Lets look at some results:

;; Valid arguments, returns a ValidationSuccess holding the validated candidate.
(create-config "host" 8888 :dev ["user1" "user2"])
;; => #active.clojure.validation/ValidationSuccess{:candidate
;;      #validation/Config{:host        "host"
;;                         :port        8888
;;                         :dev-mode?   true
;;                         :admin-users ["user1" "user"2]}}

Hopefully the most common case: All arguments are valid, therefore the whole validation succeeds and returns the validated candidate value, wrapped in a ValidationSuccess.

;; Every argument is invalid, returns a ValidationFailure with all ValidationErrors.
(create-config "" -1 :staging ["user1" ""])
;; => #active.clojure.validation/ValidationFailure{:errors
;;      [#active.clojure.validation/ValidationError{:candidate ""
;;                                                  :message   :active.clojure.validation/non-empty-string
;;                                                  :label     :host}
;;       #active.clojure.validation/ValidationError{:candidate -1
;;                                                  :message   :active.clojure.validation/pos-int
;;                                                  :label     :port}
;;       #active.clojure.validation/ValidationError{:candidate -1
;;                                                  :message   :validation/port
;;                                                  :label     :port}
;;       #active.clojure.validation/ValidationError{:candidate :staging
;;                                                  :message   [:active.clojure.validation/one-of #{:prod :test :dev}]
;;                                                  :label     :port}
;;       #active.clojure.validation/ValidationError{:candidate ""
;;                                                  :message   :active.clojure.validation/one-of #{:prod :test :dev}
;;                                                  :label     [:admin-users 1]}]}

The dire case in which each argument is invalid. Note that the result is a ValidationFailure that contains a sequence of ValidationErrors. Each error tells us which candidate was causing the error (:candidate), which validation was violated (:message) and gives us a :label to refer back to the cause of the error. Also note that the -1 shows up twice. This is to be expected, because it violates both validations of our validate-all clause.

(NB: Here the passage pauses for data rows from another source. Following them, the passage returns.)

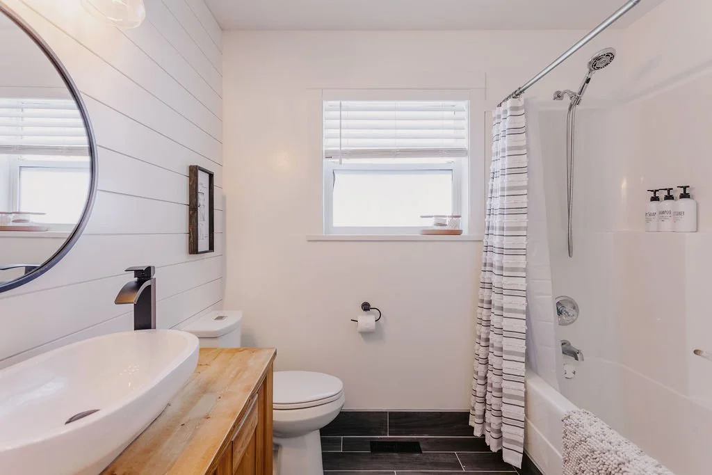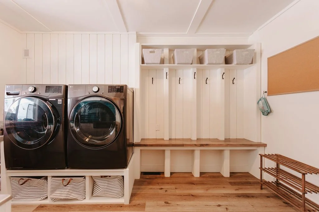 - Laundry & Mud Room: this spacious room offers tons of space for you to hang your coat, store your shoes and also has a sink vanity to clean. Complimentary use of washer & dryer on us! Options for non-scented Nellie's laundry soda, tide powder, and Oxi-Clean powder available.
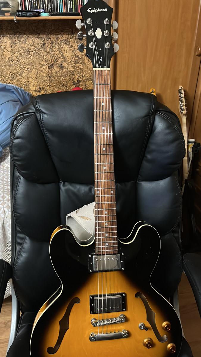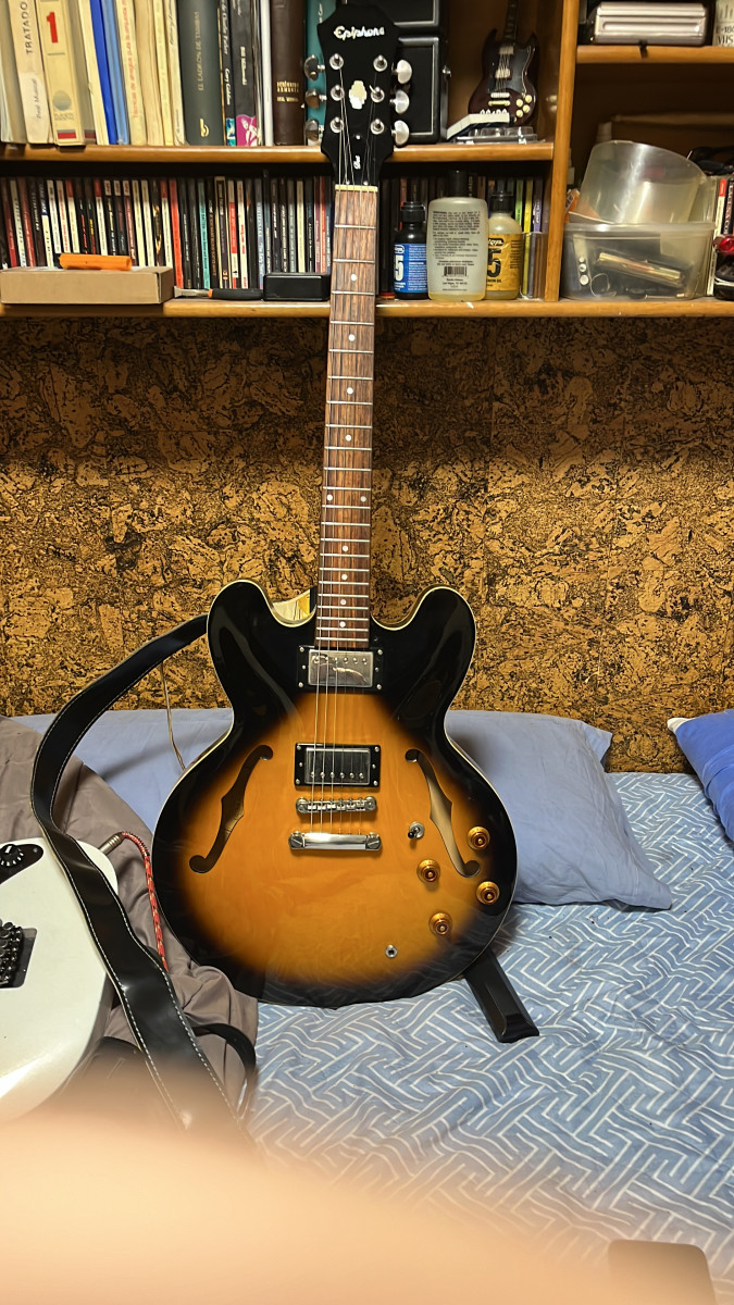 Vendo la epi 335 , en el precio no se incluye el envío que son 14 euros más, el cuerpo y la tapa es laminado de arce y ya si , el mástil es una pieza de caoba y han mejorado bastante desde los 90 , con hardware grover , muy estable y prácticamente nueva , incluyo una funda blanda y si hay que mandar, se embalara debidamente, no cambios ni regatear
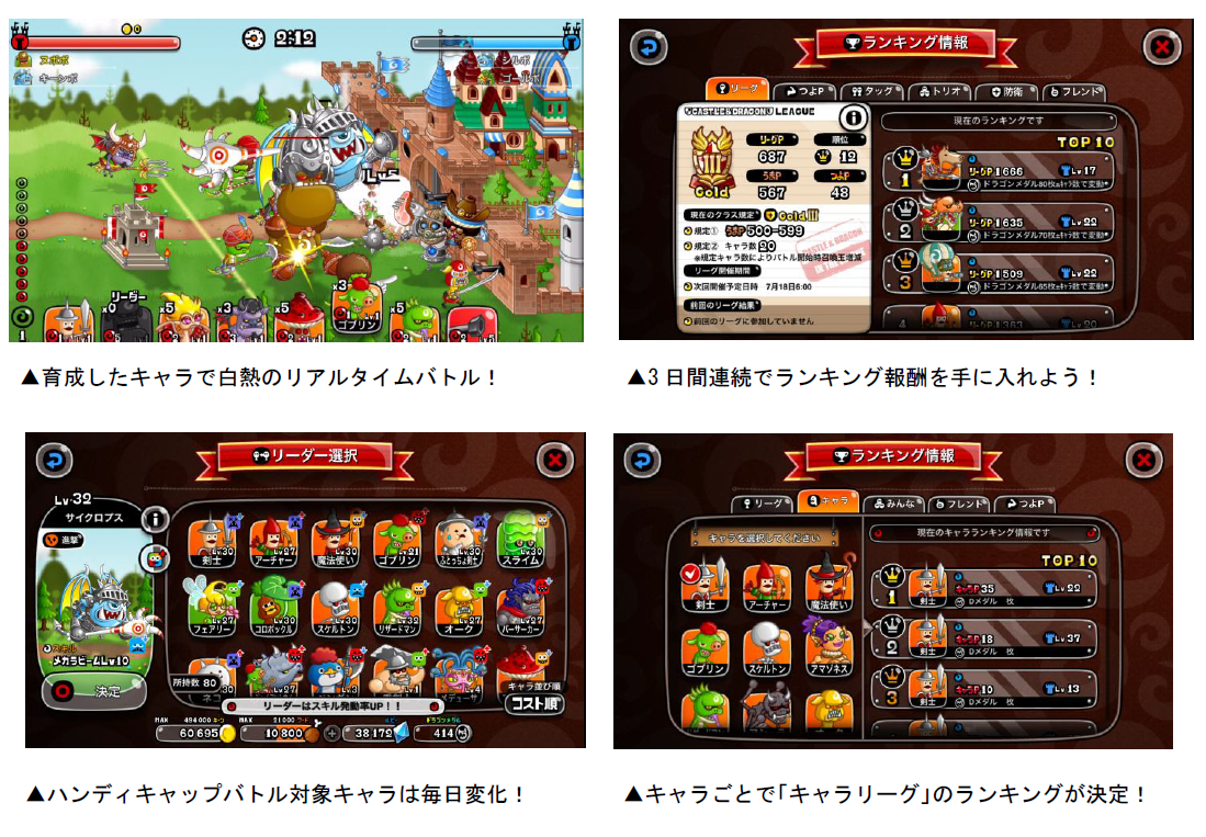 2月11日(日)からのリーグでは、日によって対象キャラが変わる「日替わり選抜キャラリーグ」が開催され、対象のキャラをリーダーにして勝利するとキャラPが獲得できます。獲得したキャラPによってキャラごとのランキングが決定し、順位の1番高いキャラのランキング報酬を獲得できます。また、日替わり選抜対象キャラの中で特定のキャラをリーダーにすると、能力値とスキル発動率が上昇する「リーダーハンディキャップバトル」を同時開催いたします。期間中、毎日変わる対象キャラをチェックしてリーグに挑みましょう!
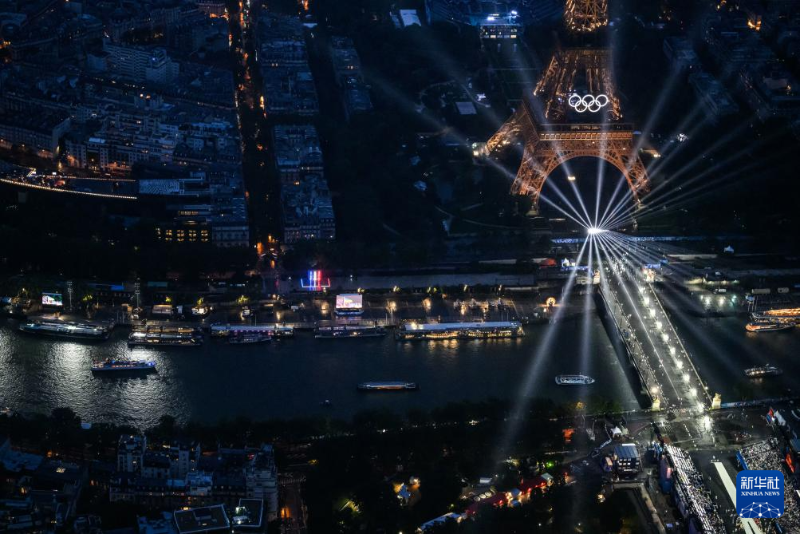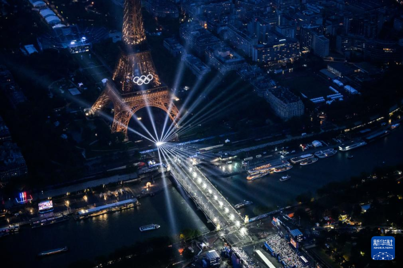 7月26日,第33屆夏季奧林匹克運(yùn)動(dòng)會(huì)開(kāi)幕式在法國(guó)巴黎舉行。這是從直升機(jī)視角拍攝的埃菲爾鐵塔。新華社發(fā)(POOL照片/利昂內(nèi)爾·博納旺蒂爾)
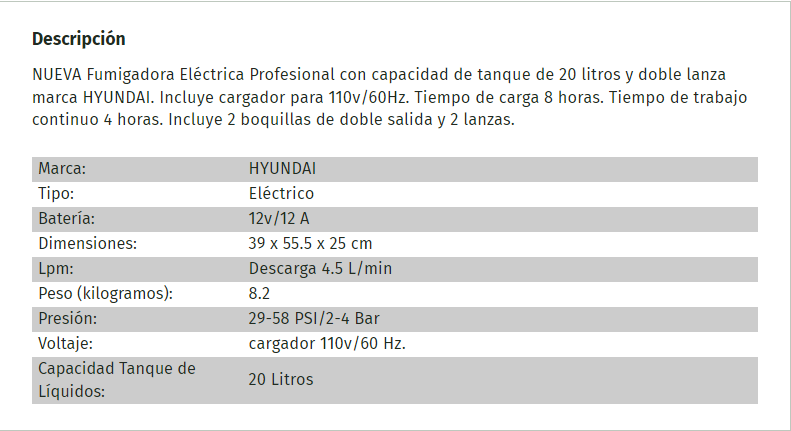 NUEVA Fumigadora Eléctrica Profesional con capacidad de tanque de 20 litros y doble lanza marca HYUNDAI. Incluye cargador para 110v/60Hz. Tiempo de carga 8 horas. Tiempo de trabajo continuo 4 horas. Incluye 2 boquillas de doble salida y 2 lanzas.
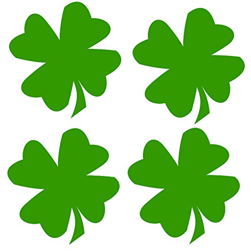 Pack of 4 Green Shamrock Four Leaf Clover Die Cut Sticker 5x5 inch Large Car Decal Sticker
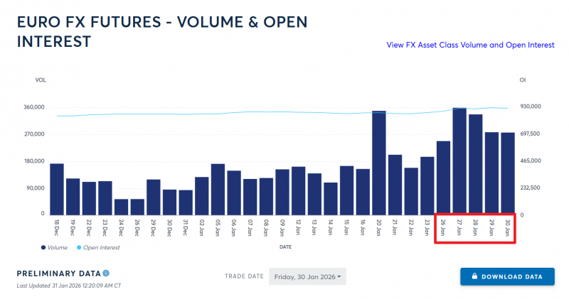 Уточните, пожалуйста, вы смотрите его на этом сайте? https://www.cmegroup.com/markets/fx/g10/euro-fx.volume.html
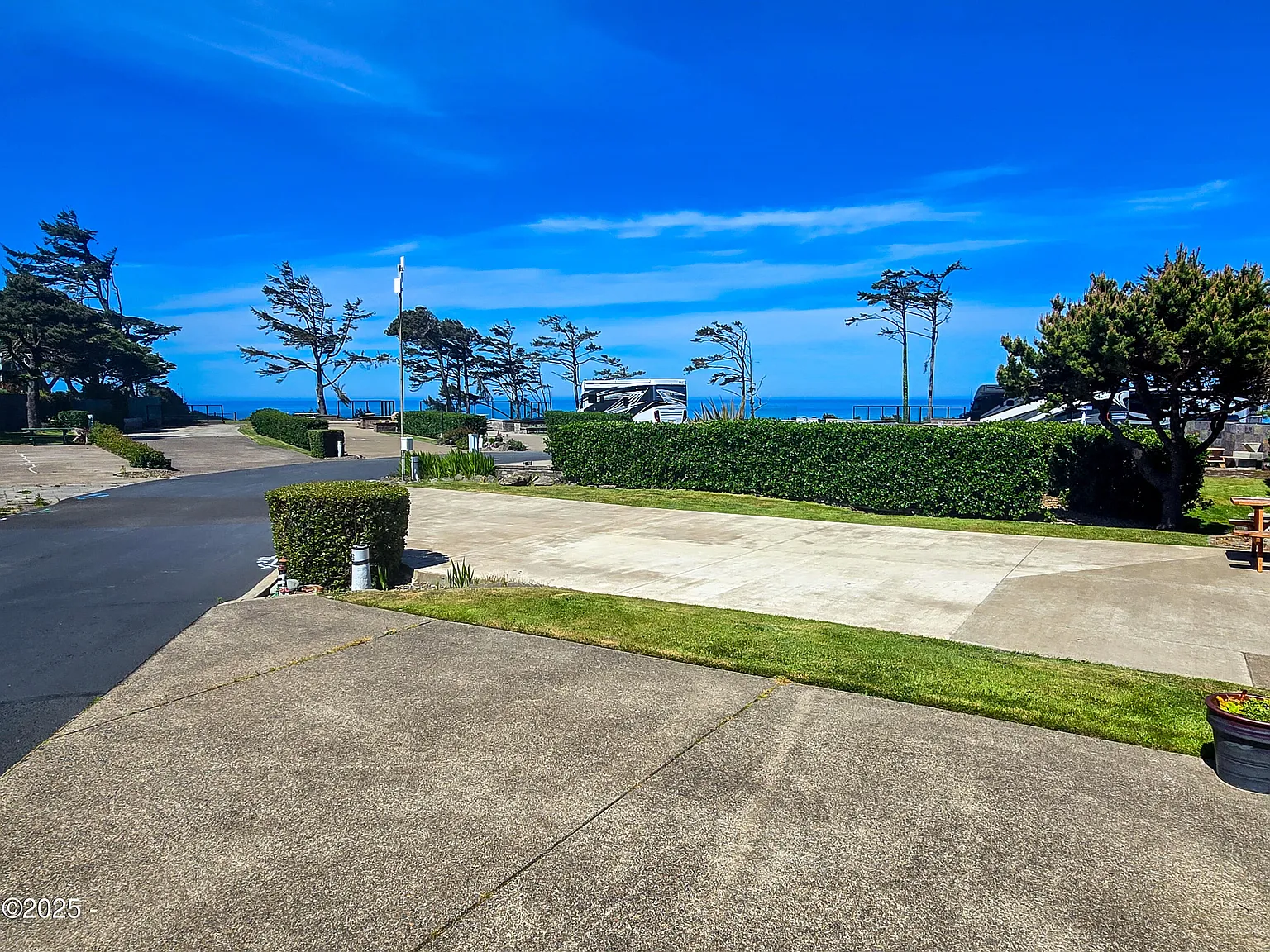 Lovely ''seasonal'' Ocean View back in lot on the southern side of this ocean front resort, with expanded block patio and close proximity to resort clubhouse. The clubhouse also provides access to an owners-only lounge, gym, and kitchen, with an all guest access to indoor pool, spa, and sauna. Plus well cared for and large laundry facilities! Just around the corner from the private trails to beach, and the resort also offers pickle ball courts. You won't find another RV resort like this on the Oregon Coast!
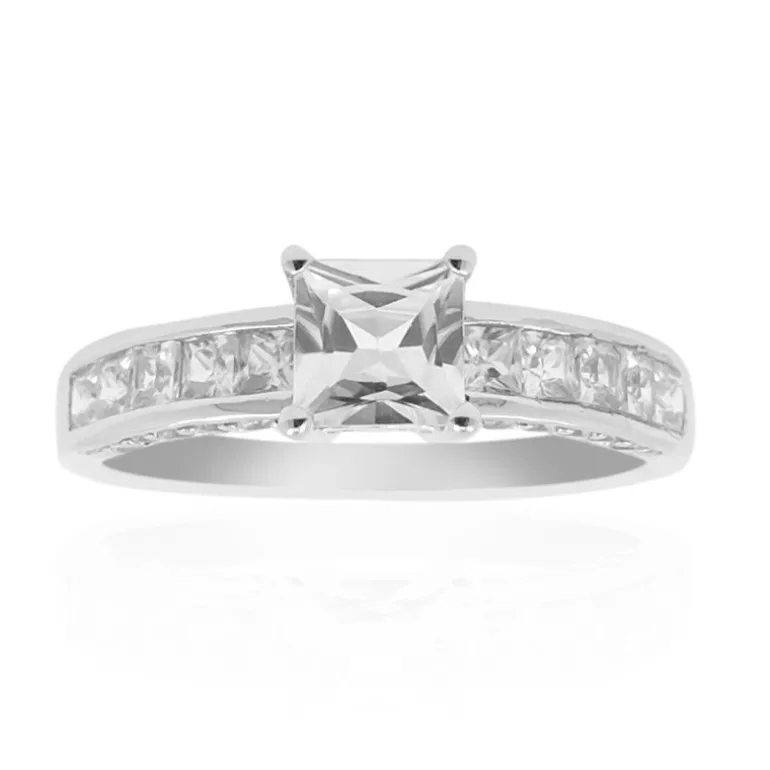 Wir präsentieren unseren atemberaubenden Ring aus Sterlingsilber, gekrönt mit einem schillernden 0,729 Karat großen kambodschanischen Zirkon im Princess-Schliff und ergänzt durch eine Reihe funkelnder Nebensteine von insgesamt 1,643 Karat. Die sorgfältigen Princess-Schliffe der Haupt- und Akzentzirkone verstärken den lichtdurchfluteten Glanz dieses Schmuckstücks, das sich sowohl für die tägliche Eleganz als auch für den glamourösen Abend eignet. Das aus hochwertigem 925er Sterling Silber gefertigte Band verleiht dem Design einen zeitlosen Glanz. Dieser raffinierte Ring ist ein ideales Geschenk für einen besonderen Moment oder einfach zur Aufwertung Ihrer Schmucksammlung.

;; Only some arguments are invalid
(create-config "" 65537 :dev ["user1" ""])
;; => #active.clojure.validation/ValidationFailure{:errors
;;      [#active.clojure.validation/ValidationError{:candidate ""
;;                                                  :message   :active.clojure.validation/non-empty-string
;;                                                  :label     :host}
;;       #active.clojure.validation/ValidationError{:candidate 65537
;;                                                  :message   :validation/port
;;                                                  :label     :port}
;;       #active.clojure.validation/ValidationError{:candidate ""
;;                                                  :message   :active.clojure.validation/one-of #{:prod :test :dev}
;;                                                  :label     [:admin-users 1]}]}

This case shows the result of only some validations failing. Take note of the :port validation again. This time it is only one error. This is because it satisfies the validate-pos-int validation but not our custom validation specifying the legal port range.

Development

Testing

The Clojure tests can be executed via

lein test

For auto-testing the ClojureScript code, we use figwheel-main. In a terminal, do

lein fig

which starts a CLJS REPL. Opening

http://localhost:9500/figwheel-extra-main/auto-testing

in a browser window will then run the tests and display the results. After every code change, it will automatically reload and re-run the tests, notifying you via the browser of the result.

License

Copyright © 2014-2023 Active Group GmbH

Distributed under the Eclipse Public License either version 1.0 or (at your option) any later version.